In the entries below, find the line with "08:00徒步地心之旅。开启" and the line with "この現場はʼ野⾯積みʼという"; give again those lines and every line between them, exactly.

**Data for review**
☆ ☆ ☆

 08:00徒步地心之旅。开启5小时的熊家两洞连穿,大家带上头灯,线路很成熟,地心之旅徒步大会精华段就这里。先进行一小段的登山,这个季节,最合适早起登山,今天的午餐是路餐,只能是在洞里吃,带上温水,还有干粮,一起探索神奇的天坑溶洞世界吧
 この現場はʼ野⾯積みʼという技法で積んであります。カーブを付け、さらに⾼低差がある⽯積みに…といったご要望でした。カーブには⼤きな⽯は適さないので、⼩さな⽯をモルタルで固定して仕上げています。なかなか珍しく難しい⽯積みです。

☆ ☆ ☆

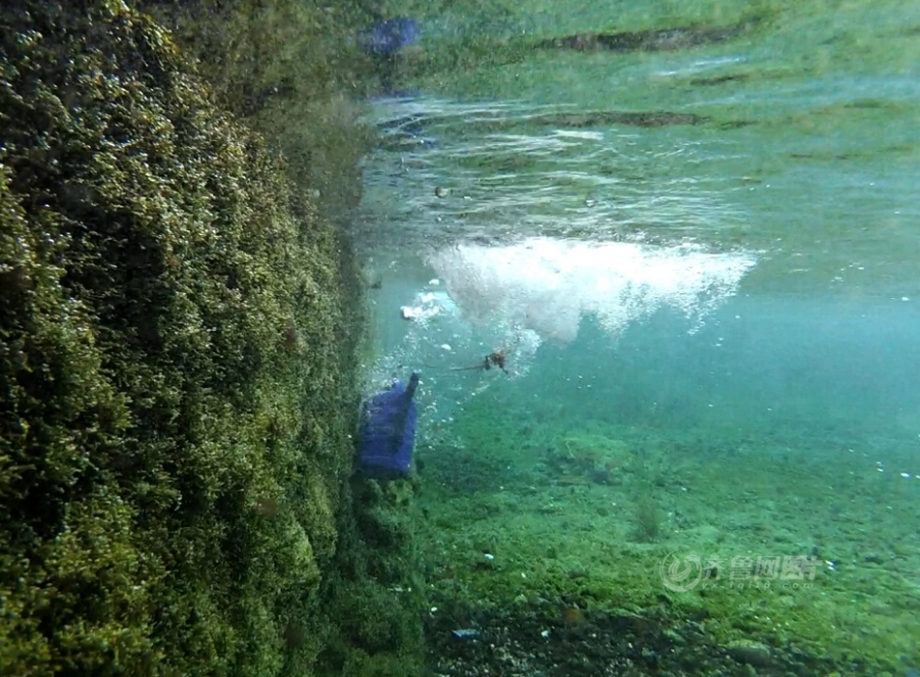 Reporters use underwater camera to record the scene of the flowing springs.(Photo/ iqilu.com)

☆ ☆ ☆

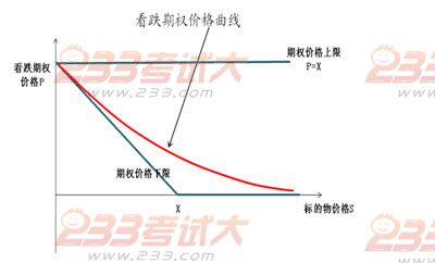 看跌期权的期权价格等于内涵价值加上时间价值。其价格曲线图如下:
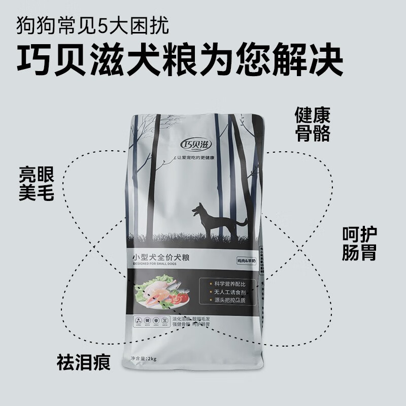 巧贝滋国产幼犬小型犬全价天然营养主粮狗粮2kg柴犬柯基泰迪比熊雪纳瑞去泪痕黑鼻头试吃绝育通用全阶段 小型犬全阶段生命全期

☆ ☆ ☆

**Task output**
 08:00徒步地心之旅。开启5小时的熊家两洞连穿,大家带上头灯,线路很成熟,地心之旅徒步大会精华段就这里。先进行一小段的登山,这个季节,最合适早起登山,今天的午餐是路餐,只能是在洞里吃,带上温水,还有干粮,一起探索神奇的天坑溶洞世界吧
 この現場はʼ野⾯積みʼという技法で積んであります。カーブを付け、さらに⾼低差がある⽯積みに…といったご要望でした。カーブには⼤きな⽯は適さないので、⼩さな⽯をモルタルで固定して仕上げています。なかなか珍しく難しい⽯積みです。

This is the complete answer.